I saw Kinky Boots a few weeks ago and was actually kind of disappointed. It was definitely entertaining and I really liked Cyndi's score (aside from that insipidly-worded Act I finale, that WEIRD boxing number, and some admittedly dull solos and duets), but I could. not. take Harvey Fierstein's book. Love him as a performer, love him as the Mayor of Broadway, but, in terms of writing, he's quickly becoming the Ryan Murphy of the Great White Way. And even then, Glee seems subtle by comparison. He's just screaming a lot of overly-simplistic, vaguely-detailed gender politics high up into the rafters, which in turn makes a lot of the show's essential elements suffer, including Billy Porter, who's a force of nature when in drag, but turns rather blah whenever he ditches the boots, burdened by Fierstein's own dubious characterization of Lola/Simon. I really wanted to love this musical for all its sincerity and earnestness, not to mention its seriously stellar choreography, but it really became a surprisingly frustrating experience, thanks in most part to Harvey, as well as those sketchy British accents, on everyone's part.
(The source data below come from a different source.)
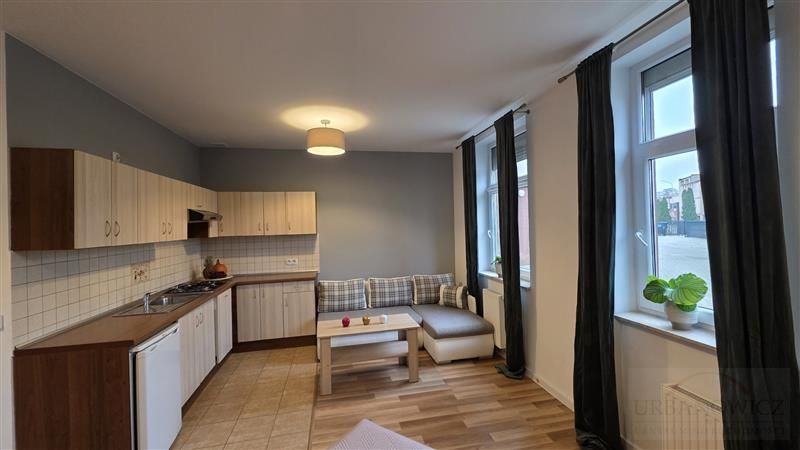 Bardzo ładnie doświetlony. W oknach żaluzje. Kuchnia zabudowa kuchenna, płyta indukcyjna, lodówka, mikrofala, czajnik elektryczny, stół, krzesła.
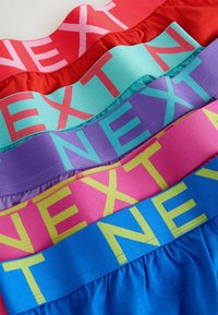 Cinq paires de boxers aux couleurs vives : rouge, turquoise, violet, rose et bleu. Chaque modèle est doté d'une ceinture élastique assortie avec le logo "NEXT".
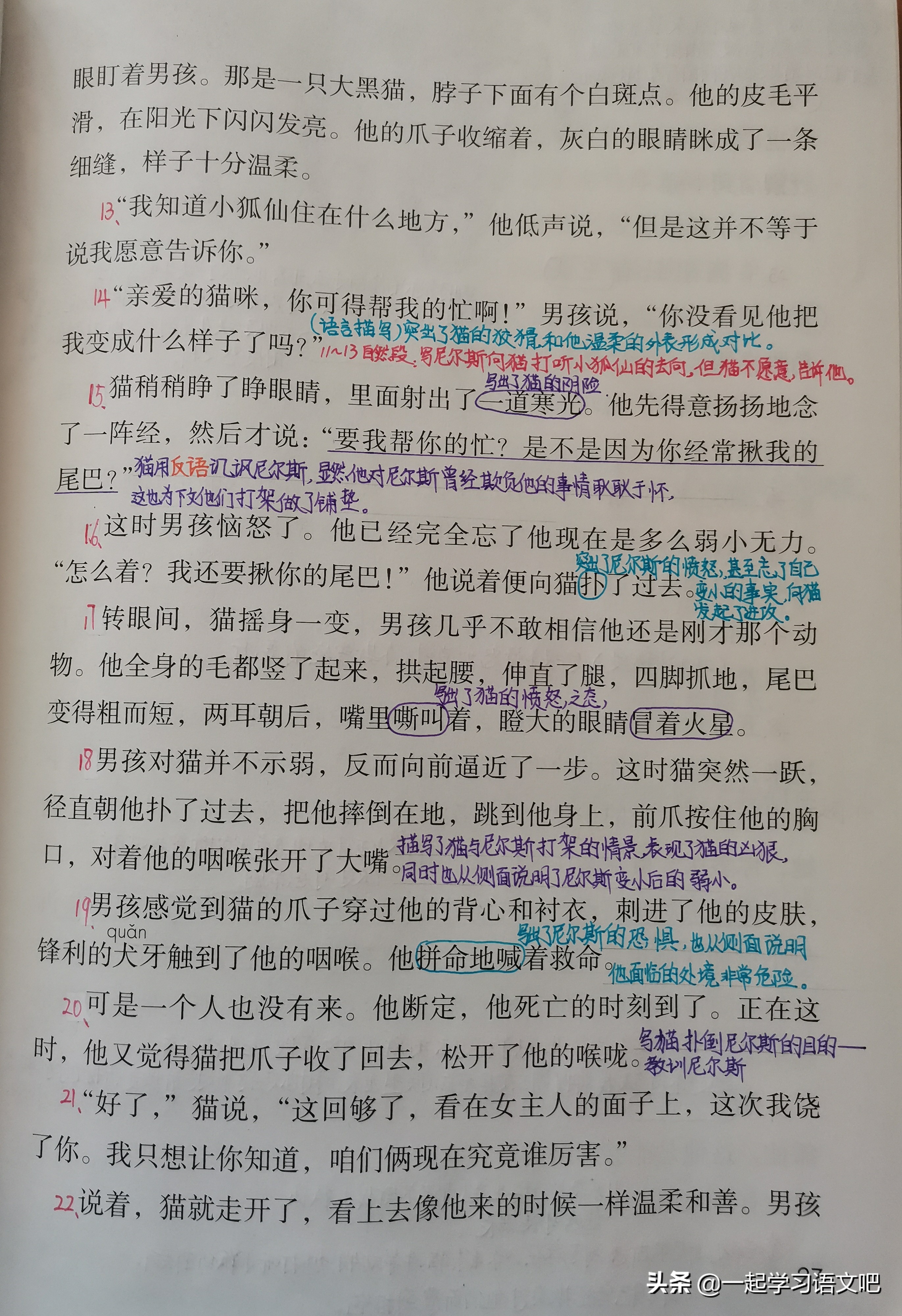 (11)第18自然段:描写了猫与尼尔斯打架的情景,表现了猫的凶狠,同时也从侧面说明了尼尔斯变小后的弱小。

I will say Annaleigh Ashford was terrific though! She's like a singing-dancing Anna Faris.

And I think it actually does have a chance at beating Matilda, if only because Kinky has so many beloved and respected Broadway veterans involved in it. Also, Tony voters seem weirdly resentful of British transfers lately (i.e. that One Man, Two Guvnors snub last year), which is a shame, because Matilda is delightfully weird and weirdly adorable.

May 28, 2013 | Unregistered CommenterMatthew Eng

I was so bummed to miss Kinky Boots in my Spring Broadway trip-you can only see so many shows, but it was one of the last ones cut, and I'd love to see Lauper win, if only because I'm a big fan. I'm cheering for Matilda (which I did see) in the Musical category though, as it was a lovely delight.

The FE sometimes does a rundown of the Best Actress Tony contenders-any chance of that this year (I know you're busy, just thought I'd ask)? I'm excited about the race brewing between Miller and Osnes for the Musical category (I figured it'd be a Miller stampede, but clearly Osnes is making a strong Broadway impression considering her nomination for a closed show last year and her recent Drama Desk Award). The Best Actress in a Play category seems to have Tyson's name on it, though I sort of wonder that if The Other Place was still running on Broadway if Laurie Metcalf could have a shot.

May 29, 2013 | Unregistered CommenterJohn T

Extremly funny p*** take off les miserables starts with the bum notes at 6.18,why did anne get the oscar again!!!!